The Graveyard

The air was still, save for the occasional hawking of sullen crow, and the far off whine of a forgotten hound. I strolled slowly through the rusty graveyard, pausing here and there to imagine the stories that each of the discarded hulls would tell, if only they could speak.

Some, were evidently ancient. They had lived a long and fruitful existence, before coming to their final resting place. Their thick skins and bulky form were mute testament to the quality of the steel used in bygone eras. They don’t make cars like they used to, built to last.

Others were newer, and had lived shorter lives. These had not died slowly of old age, but had been torn violently from life, and ripped asunder. Their bodies dragged here, still seeping their life’s blood, to be abandoned; beyond repair. Their fate: to be stripped down for anything still worthy of consideration.

Turning the corner, I stopped in my tracks. There, at the end of a small cul-de-sac, stood a strange steel edifice. At first, it seemed out of place. On further consideration, it seemed oddly appropriate to find it here, amongst the dead.

A rusty old girder had been driven into the hard packed dirt, another welded on to it at an askew angle. I knew that it was supposed to represent a cross, though the angles were all wrong. Despite that, for some reason it worked. Lashed and welded to the rusted orange steel was an array of stainless silver piping, forming the robotic manikin of the dying Christ. Rusty iron bolts had been drilled through the cleverly-crafted hands and feet, and a coil of razor wire decorated the glittering steel head.

The artist, whoever they were, had even taken the time to splatter brass soldering around the bolts; the metal Christ figure bleeding droplets of golden blood. More brass droplets dribbled down the side of the body from a rough gash in the trunk of the sculpture. This, I knew, was to signify the spear that pierced the side of the son of God.

I looked up into the scarred face, staring deeply into the dark black eyes of the figurine. The artist had used a pair of welding goggled for these and steel wool for its bedraggled, rusty hair. The effect was somewhat haunting.

I am not a religious man, despite the best efforts of the nuns during my childhood, or perhaps because of it, but I was still moved by the pain I sensed within the steel body. Despite my firm atheism, I felt moved to be in the presence of this idol.

I had to wonder who had placed this statue here, and why?

Did the owner of the scrap yard come here at night to pray, or did he even know of the statue’s existence amidst the acres of steel, Plexiglas and mouldering rubber?

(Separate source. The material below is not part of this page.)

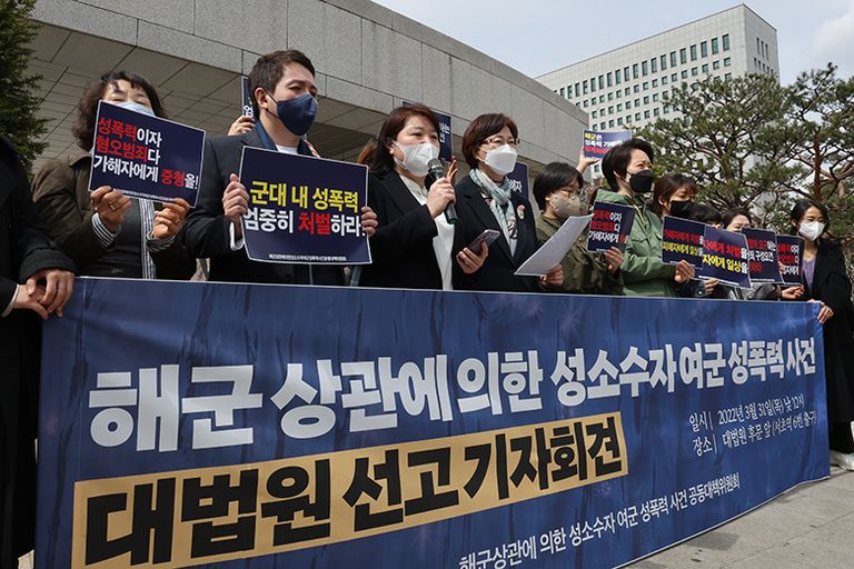 부하 여군을 상대로 성폭행한 혐의로 기소된 해군 장교 2명에 대해 대법원이 엇갈린 판결을 내놨다. 사진은 지난 31일 상고심이 끝난 뒤 '해군 상관에 의한 성소수자 여군 성폭력 사건' 공동대책위원회가 가해자에 대한 징계를 요구하는 기자회견을 하고 있는 모습. /연합뉴스

Was this shrine build for the dead cars, so that their spirits could be at peace as they slowly rotted away into the dirt?

In a hundred years, could you excavate the oil-tainted soil beneath my feet and find the rusty bones of an old Ford in the latter stages of decomposition?

I slowly got onto my knees to say a silent, and somewhat ironic, prayer to the souls of the dead around me. I may not have a Christian bone left in my body, but my spirit was pure petrol-head.